While research has not yet suggested that different factors trigger men's anger, researchers continue to uncover differences in how men and women experience it. Such was that case for Raymond DiGiuseppe, PhD, chair of the psychology department at St. John's University in New York, in his research to develop a new anger disorder scale. In a survey of 1,300 people ages 18 to 90, DiGiuseppe investigated 18 subscales of anger, including how individuals experience their anger, how long the anger lasts and what they get angry about. While he found that differences in men's and women's total anger scores were not significant, he did find differences in the way they experience anger. Specifically, men scored higher on physical aggression, passive aggression and experiences of impulsively dealing with their anger. They also more often had a revenge motive to their anger and scored higher on coercing other people.

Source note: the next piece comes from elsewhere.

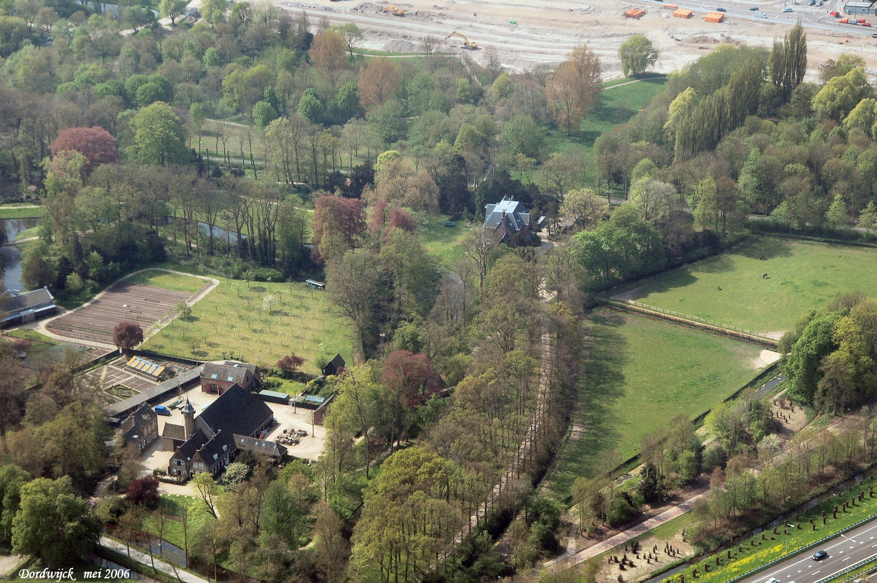Landgoed Dordwijk met mid.boven de Achterweg. links onder is de Dordwijklaan en rechts onder is de Rondweg gezien in Zuidelijke richting.

Women, on the other hand, were found to be angry longer, more resentful and less likely to express their anger, compared with men. DiGuiseppe found that women used indirect aggression by "writing off" a higher number of people--intending to never speak to them again because of their anger.
Anger slowly decreases with age, DiGiuseppe found, and differences in the domains of anger between the sexes decreases for those older than 50, although men are still more likely to be aggressive and women are still more likely to have longer episodes of anger. DiGiuseppe's research will be published this year by Multi-Health Systems, a Canadian publisher of psychological tests.

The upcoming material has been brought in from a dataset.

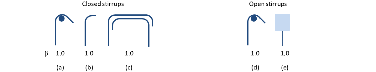 The anchorage coefficient for stirrups is always - β = 1.0.
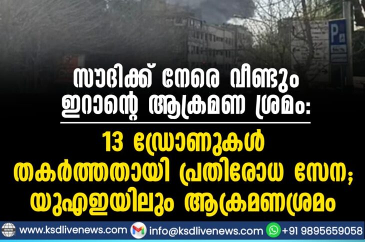 ഗൾഫ് സൗദിക്ക് നേരെ വീണ്ടും ഇറാന്റെ ആക്രമണ ശ്രമം; 13 ഡ്രോണുകള് തകര്ത്തതായി പ്രതിരോധ സേന; യുഎഇയിലും ആക്രമണശ്രമംMarch 23, 2026

Thomas has expanded the scope of her research and replicated some of her studies on American women's anger with women from different countries, such as France and Turkey. She has also conducted a study aimed at understanding the meaning of men's anger. Her research is awaiting publication in the APA journal Psychology of Men and Masculinity.

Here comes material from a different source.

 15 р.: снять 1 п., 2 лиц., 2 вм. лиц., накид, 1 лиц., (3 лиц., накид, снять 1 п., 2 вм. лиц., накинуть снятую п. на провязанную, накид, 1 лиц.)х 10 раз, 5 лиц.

Anger researchers Deborah Cox, PhD, Patricia Van Velsor, PhD, and Joseph Hulgus, PhD, are working to validate an anger diversion model. Cox first developed the model with Sally Stabb, PhD, and Karin H. Bruckner, authors of "The Anger Advantage" (Broadway, 2003). The model holds that when individuals bypass awareness of their anger, the diversion process can cause anger symptoms. In support, the team has found women who either try to mask their anger, or externalize and project their anger irresponsibly, were at higher risk for anxiety, nervousness, tension and panic attacks.
Cox, a Southwest Missouri State University psychologist and assistant professor, hopes that researchers will also apply the anger diversion model to men and boys. "It may be that men are more reinforced for using certain diversion forms over others--and more than women," Cox says. "However, it seems that the underlying process may be the same across genders, and it's one that could be translated, 'Your anger is wrong and should be gotten rid of as soon as possible.'"
To get at such complexities, researchers may need to try new approaches, Cox says. "Much of what we must do demands that we talk to women and men and get their stories about anger, versus testing them in a paper-and-pencil type of format," she explains. "Only through getting people's verbatim stories can we get a real sense of how they interpret their own anger."
Cox, D.L., Bruckner, K.H., & Stabb, S.D. (2003). The anger advantage. New York: Broadway/Doubleday.
DiGiuseppe, R., & Tafrate, R.C. (in press). The anger disorder ScalManual. Toronto: Multi-Health Systems.
Thomas, S.P. (1993). Women and anger. New York: Springer.